By mid-morning of his first deer hunt, a first hunt of any kind, 16-year-old Henry Tassitano found himself lost, scared and alone. When he blundered into a creek somewhere deep in the forest he nervously pondered what to do. The only instruction he’d received before his father dropped him off in the pitch-black dawn and motored elsewhere was, “I’ll see you at dark.” He looked upstream, then downstream, and then he went with his gut. At dusk, after he’d found a road and their car, young Hank had some words for his father.
“I got a buck,” he said. Turns out, that creek led to more than just a way out of the woods; indeed the opposite. It led to an insatiable passion that has shaped an identity.
For the next few years, Hank hunted casually when he found time. But the more he learned about whitetails—arguably the most challenging game on the planet—the more he desired to hunt them. Soon deer hunting dominated his thoughts. His obsession became self-evident one day when he passed a newsstand. “I saw a magazine with a deer on the cover and I simply had to pick it up,” says Hank.
Now in his late 50s, Hank is still crazy about deer. Despite being anything but an introvert—he’s rarely short for words—he acknowledges that he might seem a little odd to his less fanatical friends; after all, this is a guy who wore rubber chest waders to his stand long before Scent-Lok was invented.

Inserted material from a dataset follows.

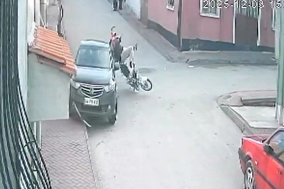 Güvenlik kamerasına saniye saniye yansıyan kazada, motosiklette bulunan 2 kişi havada taklalar attıktan sonra yere düştü.
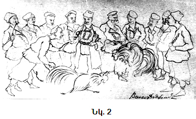 bahse tutuşmaktaydı. Galip gelen hayvan, sahibi ve taraftarları için büyük gurur kaynağıydı. Horoz döğüşleri de ilginçti, bu döğüşler için özel kavgacı horozlar seçilip, çiğ etle besleyip, tırnaklarını bilemekteydiler. (bk. Resim 2) Meskhor’un horoz döğüşleri çok ünlüydü. Lusanuş Girumyan, özellikle siyah horozlar besleyip eğitmekteydi.

“I think all serious hunters are a little odd,” he says with a chuckle. But he also thinks the difference between deer hunters and great deer hunters is that great ones rarely cease thinking about it. “I can be turkey hunting, fishing or walking my dog in the park, but I’m always looking for deer sign.”
In 1974 he thought about something besides deer hunting long enough to get married, and in 1989 he and his wife, Joanne, moved to Richmond, Va., from New Jersey because they felt it a better place to raise two boys. It’s no coincidence that it’s also a better place for deer hunting. Lucky for him JoAnne understands her husband’s lifelong sabbatical that is deer season. “I think it takes a special person to marry a man like me,” admits Hank.
Once in Virginia he wasted no time establishing self-employment, via an advertising agency, mainly so he could work with outdoor-related markets and make his own hours. “When conditions look right, I’m gone,” he says. Evidently the conditions have frequently been right. For the majority of his life, this working family man has averaged 150 days per year hunting and scouting. He’s taken over 150 whitetails, mostly bucks, mostly on public land and mostly with a bow. He’s got 19 mounted heads—the largest is a 166-inch mountain giant. And don’t accuse Mr. Tassitano of being an elitist. He’s not embarrassed about his long history of shooting every deer that was legal and in range. He’s got more 4- and 6-points than he has rafter space above his cabin porch. But nowadays he prefers does for meat and trophy bucks for the wall. His idea of a trophy is any mature buck, and of these he’s fooled many. But some still get the best of him. “And that’s okay,” says Tassitano. “It keeps me coming back.”
Hank credits his success with his voracious penchant for scouting and his ability to follow his instincts—a sixth sense—to anticipate buck movement before determining his own. “Hunting a mature buck is like a chess match. You’ve got to study the board by spending as much time in the woods as possible. With experience you begin to feel what the deer are doing, and you make more right moves than bad. And if something doesn’t feel right, trust your instincts and move.”
Hank doesn’t think the wind is the most important factor when hunting bucks—he knows it. “After you’ve done your scouting and have a general idea of where the bucks will likely be coming from, you must play the wind. If the wind is wrong, either figure out another approach, or don’t go. A mature buck might be gone if you do.”
There are guys like Hank scattered in towns across this country; guys who hunt with a passion rarely seen these days. They know who they are. You might even be one. But for Hank it all started that day alone in the woods, where a boy followed his instincts downstream to salvation. When he stopped for a moment to rest he saw a spike buck enter the creek bed unaware, and he raised his 12-gauge and fired. For a moment he hesitated to touch the still-warm body from which he had taken life, but an overwhelming sense of respect for the animal instructed him to what should be done. He arrived back home with a sense of self-taught pride and the core knowledge that he must go hunting again.
Forty years later, Henry “Hank” Tassitano is still following that proverbial creek, only he now knows exactly who he is and where he’s going: He’s a deer hunter, and he’s going hunting.